> [Task requirements] Return the listing exactly as it appears, but strip out the images.

> [Provided material]

= = =

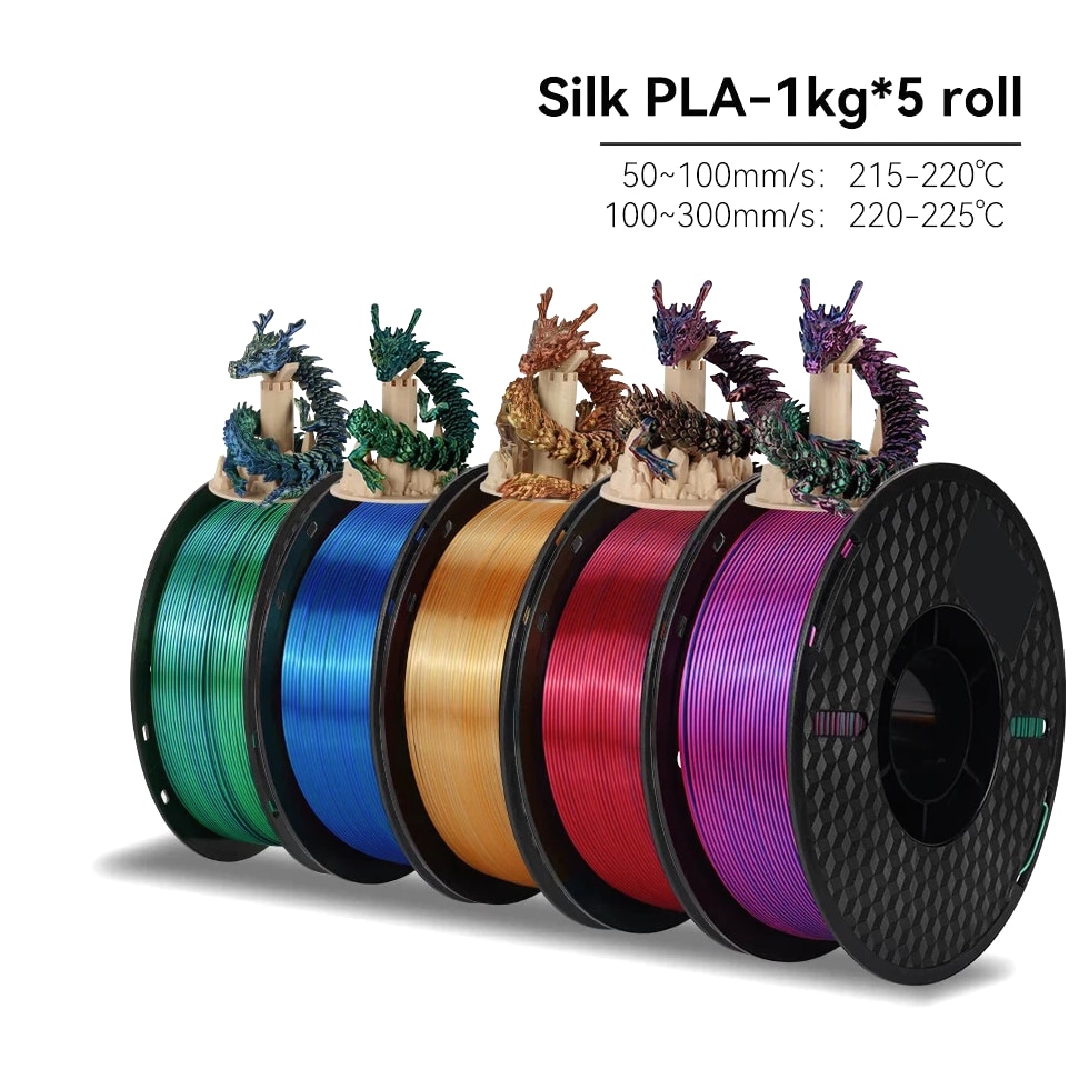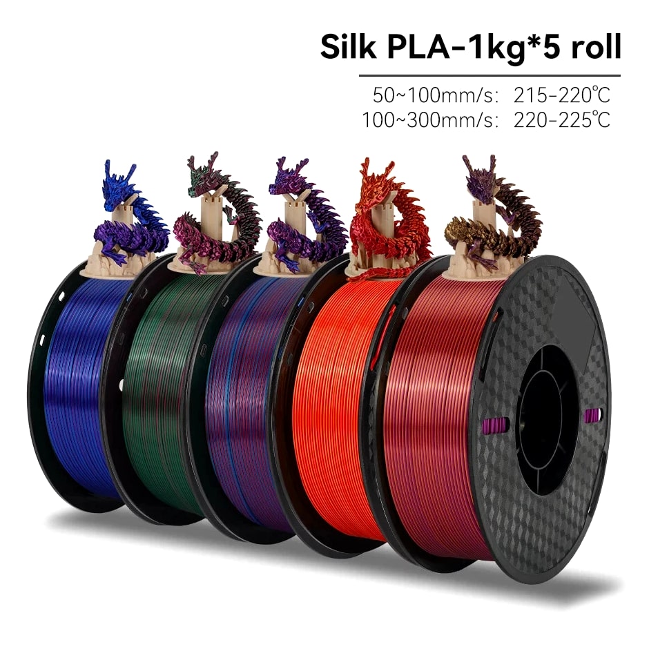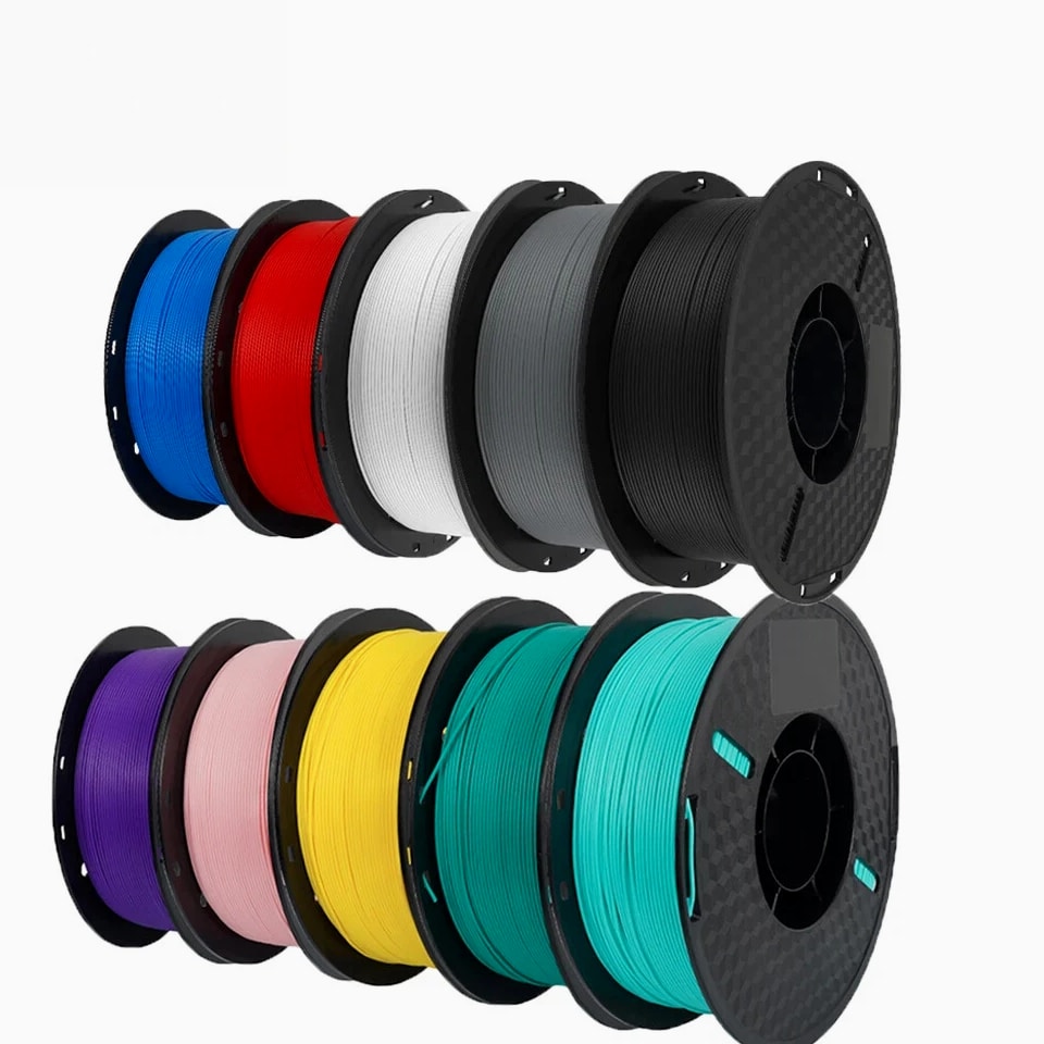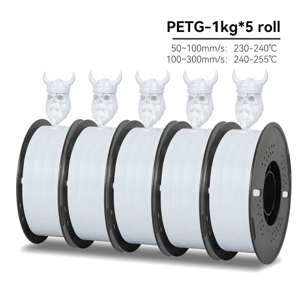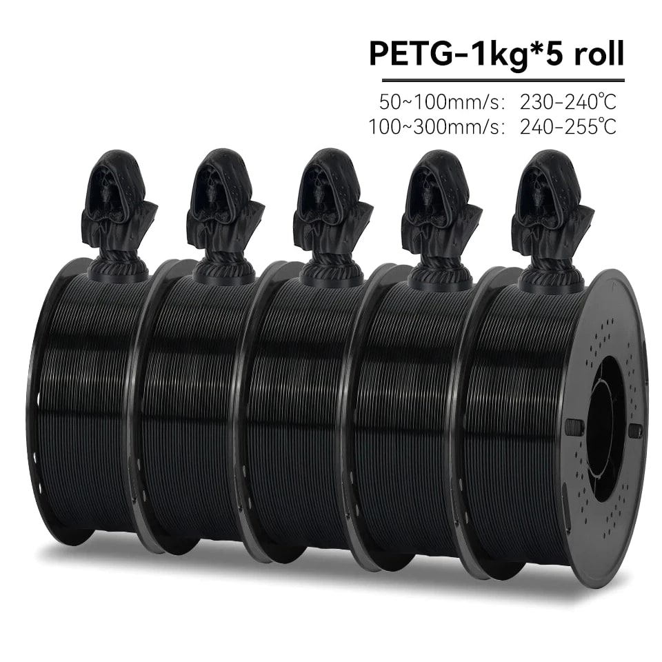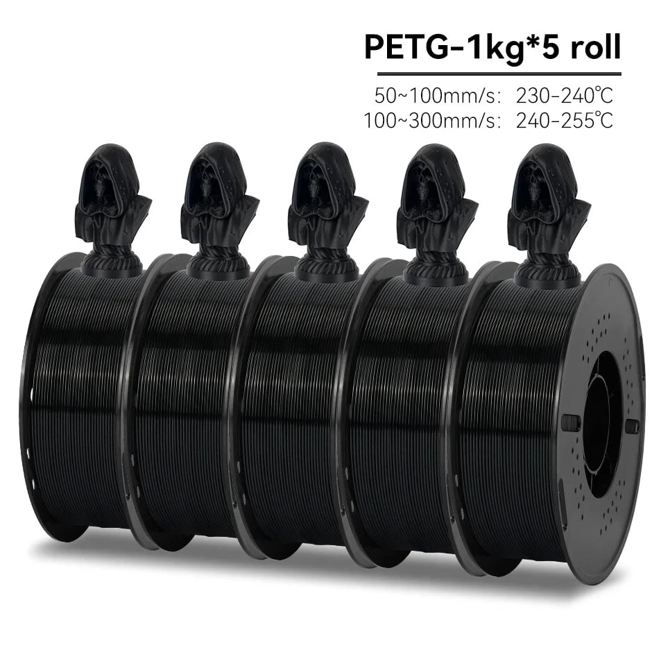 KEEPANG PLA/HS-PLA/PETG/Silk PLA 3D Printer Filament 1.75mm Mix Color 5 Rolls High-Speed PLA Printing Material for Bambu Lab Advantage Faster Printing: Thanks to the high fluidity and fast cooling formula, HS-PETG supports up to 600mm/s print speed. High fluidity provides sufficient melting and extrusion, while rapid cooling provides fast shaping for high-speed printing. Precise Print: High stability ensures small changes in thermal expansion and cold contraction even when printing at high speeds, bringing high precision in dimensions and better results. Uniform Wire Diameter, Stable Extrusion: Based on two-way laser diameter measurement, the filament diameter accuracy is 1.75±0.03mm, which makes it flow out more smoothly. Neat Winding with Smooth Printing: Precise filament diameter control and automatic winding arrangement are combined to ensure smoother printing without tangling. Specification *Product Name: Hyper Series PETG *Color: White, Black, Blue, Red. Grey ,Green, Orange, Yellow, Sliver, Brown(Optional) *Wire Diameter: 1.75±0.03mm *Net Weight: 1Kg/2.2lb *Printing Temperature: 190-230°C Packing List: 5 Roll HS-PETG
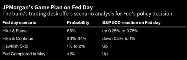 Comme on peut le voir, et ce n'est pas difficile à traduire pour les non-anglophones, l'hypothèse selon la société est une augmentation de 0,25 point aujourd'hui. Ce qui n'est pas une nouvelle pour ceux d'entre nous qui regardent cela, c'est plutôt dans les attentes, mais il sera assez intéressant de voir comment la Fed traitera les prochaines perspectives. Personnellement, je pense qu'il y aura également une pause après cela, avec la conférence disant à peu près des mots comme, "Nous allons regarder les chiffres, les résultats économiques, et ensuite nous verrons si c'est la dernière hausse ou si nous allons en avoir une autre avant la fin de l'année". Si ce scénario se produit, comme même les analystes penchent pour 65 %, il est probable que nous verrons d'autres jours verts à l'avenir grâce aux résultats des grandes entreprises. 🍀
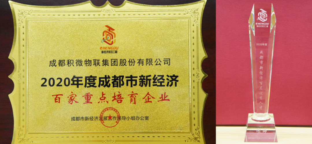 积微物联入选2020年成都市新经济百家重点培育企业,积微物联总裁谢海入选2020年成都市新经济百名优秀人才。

= = =

> [Your solution]
 KEEPANG PLA/HS-PLA/PETG/Silk PLA 3D Printer Filament 1.75mm Mix Color 5 Rolls High-Speed PLA Printing Material for Bambu Lab Advantage Faster Printing: Thanks to the high fluidity and fast cooling formula, HS-PETG supports up to 600mm/s print speed. High fluidity provides sufficient melting and extrusion, while rapid cooling provides fast shaping for high-speed printing. Precise Print: High stability ensures small changes in thermal expansion and cold contraction even when printing at high speeds, bringing high precision in dimensions and better results. Uniform Wire Diameter, Stable Extrusion: Based on two-way laser diameter measurement, the filament diameter accuracy is 1.75±0.03mm, which makes it flow out more smoothly. Neat Winding with Smooth Printing: Precise filament diameter control and automatic winding arrangement are combined to ensure smoother printing without tangling. Specification *Product Name: Hyper Series PETG *Color: White, Black, Blue, Red. Grey ,Green, Orange, Yellow, Sliver, Brown(Optional) *Wire Diameter: 1.75±0.03mm *Net Weight: 1Kg/2.2lb *Printing Temperature: 190-230°C Packing List: 5 Roll HS-PETG
 Comme on peut le voir, et ce n'est pas difficile à traduire pour les non-anglophones, l'hypothèse selon la société est une augmentation de 0,25 point aujourd'hui. Ce qui n'est pas une nouvelle pour ceux d'entre nous qui regardent cela, c'est plutôt dans les attentes, mais il sera assez intéressant de voir comment la Fed traitera les prochaines perspectives. Personnellement, je pense qu'il y aura également une pause après cela, avec la conférence disant à peu près des mots comme, "Nous allons regarder les chiffres, les résultats économiques, et ensuite nous verrons si c'est la dernière hausse ou si nous allons en avoir une autre avant la fin de l'année". Si ce scénario se produit, comme même les analystes penchent pour 65 %, il est probable que nous verrons d'autres jours verts à l'avenir grâce aux résultats des grandes entreprises. 🍀
 积微物联入选2020年成都市新经济百家重点培育企业,积微物联总裁谢海入选2020年成都市新经济百名优秀人才。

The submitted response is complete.